Gourmet Burgers’ board rejects Vintage Capital’s acquisition offer

The board of directors of US casual dining restaurant chain Red Robin Gourmet Burgers has rejected an unsolicited, conditional acquisition proposal from Vintage Capital Management.

Board of directors of US casual dining restaurant chain Red Robin Gourmet Burgers has rejected an unsolicited, conditional acquisition proposal from Vintage Capital Management.

The company proposed to acquire the outstanding common shares of Red Robin for $40 per share in cash.

The restaurant chain noted that the offer is ‘not in the best interests of all shareholders’, and there is ‘uncertainty with respect to likelihood of completion’.

The casual dining chain received the acquisition offer on 18 July this year.

Red Robin issued a statement that read as: “Consistent with its fiduciary duties and in consultation with its legal and financial advisors, the Red Robin Board carefully reviewed and considered Vintage’s proposal.

“The board unanimously determined that the proposal undervalues Red Robin and is not in the best interests of all shareholders, as the strategic plan currently being implemented by Red Robin positions the company to deliver greater long-term value to its shareholders than Vintage’s proposal.

“In addition, the board notes that the Vintage proposal is conditional and contains uncertainty with respect to likelihood of completion.

“The board and management team also note that they appreciate the constructive dialogue with Vintage, and look forward to future engagement with Vintage and all of the company’s shareholders as Red Robin continues to focus on driving shareholder value.”

In addition, the casual dining chain is planning to focus on five strategic priorities in an effort to restore the company to sustainable growth and profitability this year.

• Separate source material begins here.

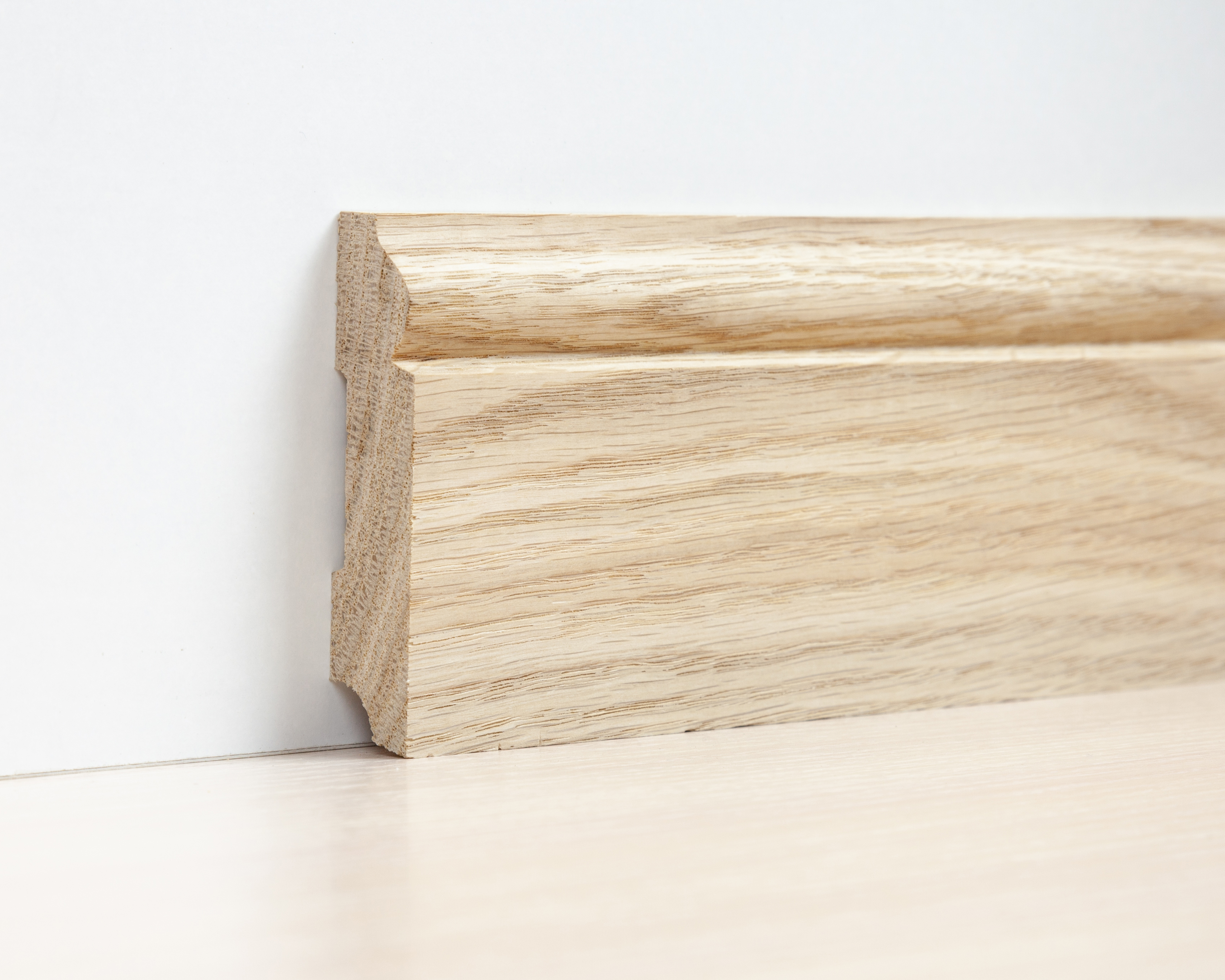 Универсальный дубовый плинтус формы Волна изготавливается из цельного массива дерева. После обработки дерева, выполнялась его камерная сушка под воздействием высоких температур. За счет этой процедуры влажность материала упала до 9-12 процентов.

The company aims to strengthen its value proposition to stabilise dine-in revenue; establish its To-Go and Catering businesses; enhance guest experience and recapture its ‘Gift of Time’ convenience; deploy digital platforms and restaurant technology solutions; and refranchise and reassess its real estate portfolio.

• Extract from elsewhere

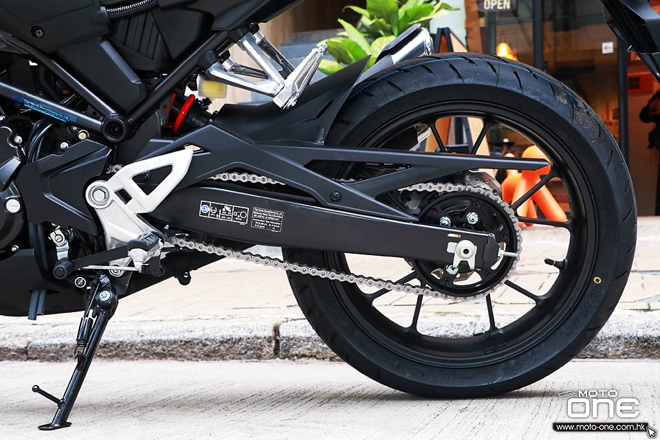 CB300R採用編織型鋼管車架,但配備看起來更高級的41mm倒立前叉,但不設調校,尾是HONDA PRO-LINK多連桿單筒尾避震,前及後均是17吋輪框。而另一項較高級裝備是ABS採用IMU(慣性測量系統)收集數據,換句話說ABS甚至可以根據車身傾則角度作出介入,為騎士提供更精準防鎖死煞車效能。

Furthermore, the casual dining chain has named Paul JB Murphy III as its president, CEO and a board member. He will assume the new role effective 3 October.

Last month, the company added three new independent directors to its board, as well as announcing the retirement of three pending board members.

Evercore is serving as financial advisor to Red Robin while Paul, Weiss, Rifkind, Wharton & Garrison as its legal counsel.